“But while media products still account for a majority of Amazon’s sales, the company’s added dozens of new products. It’s become the online Walmart, not the online Borders… Amazingly, it is much lower than Walmart, which allows it to undercut Walmart’s prices. That’s unheard of until now. Periodically, you’ll hear Walmart slicing prices…With a retailer like Target or Walmart we can look at the number of stores they have and figure out how many more they have before they reach saturation and can’t grow anymore…” — CNBC’s Mad Money 11/23/2009
There is no doubt that Amazon’s (AMZN) stock has enjoyed an outstanding run over the last year rocketing nearly $100 from $38 to $134 in that time. The stock’s performance has led to skepticism over valuation from many analysts and investors. The company is an attractive growth candidate but with the P/E ratio of greater than 70x obviously there are concerns that it is just too hot. Even when factoring the growth of the company the PEG ratio looks pretty rich at 2.73x, so it is understandable that there is a significant portion of float that are short AMZN.
On Monday’s Mad Money, Cramer looked at the case of Amazon which he described as a misunderstood and underestimated stock. He thinks that many of the doubters conceive Amazon to be an online version of Borders (BGP) that mainly sells books, music and movies. Instead, as anyone who uses Amazon knows, it is more like an online Walmart (WMT) where the product selection is diverse and the prices are tough to match anywhere.

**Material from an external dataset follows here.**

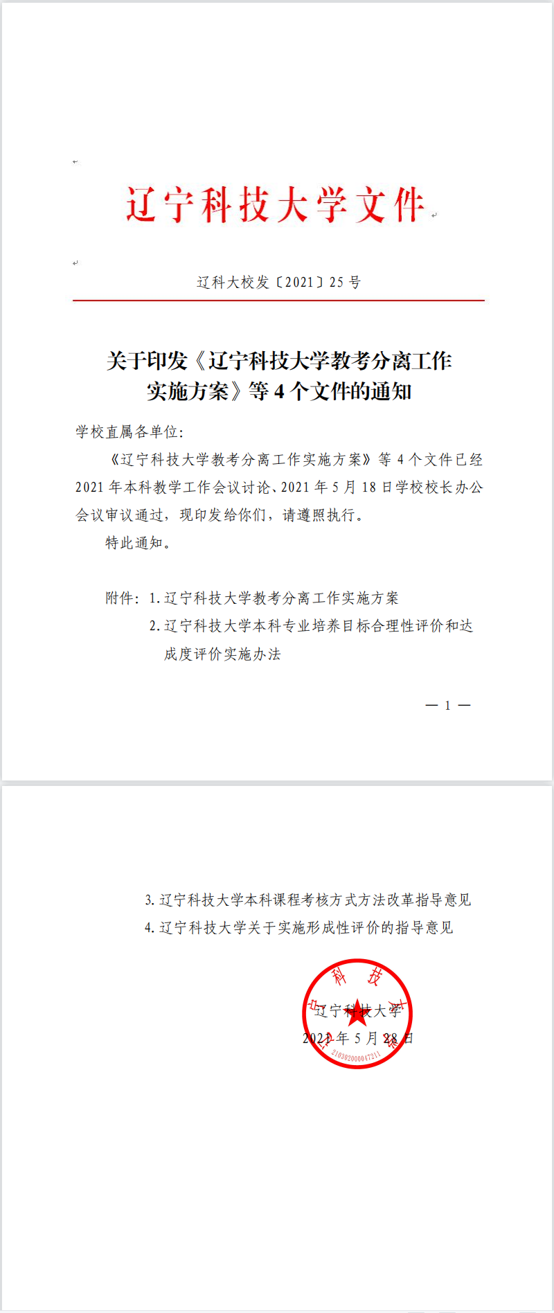 遼科大校發〔2021〕25號:關于印發《遼寧科技大學教考分離工作實施方案》等4個文件的通知

Amazon is not limited by the same constraints as a bricks and mortar retailer like Walmart, and they can sell to anyone, anywhere as long as they have an Internet connection. That is one reason that Cramer likes the sustainability of Amazon’s growth rate because they need not worry about saturation of actual store front. Furthermore, e-commerce has continued to boom in the last year growing 21% in the last year, or four times the pace of traditional bricks and mortar retail.
We cannot disagree with the recent success of Amazon and the stock’s climb seems justified. However, from a value investor’s standpoint we maintain our position that Walmart is more Undervalued than is Amazon. Amazon receives our neutral or Fairly Valued stance because the growth, while impressive, has largely been priced in and the upside from here may be limited. Whereas Walmart, a stock that has been range bound for years, has slowly and steadily grown in sales and cash earnings. Earnings growth for the next two years will come in at the mid to high single digits. This progression has made the stock by comparison more attractive from a fundamental perspective.
In the past, the market has been willing to pay about .68x to .87x revenue per share, whereas the market is currently only giving WMT .52x price-to-sales. Similarly, the historically normal price-to-cash earnings ratio has been 13.6x to 17.7x, but it is currently only 10.2x. This is a classic case of the tortoise and the hare; long term investors could do worse than to stick with the tortoise until the market comes around on its fundamental strength.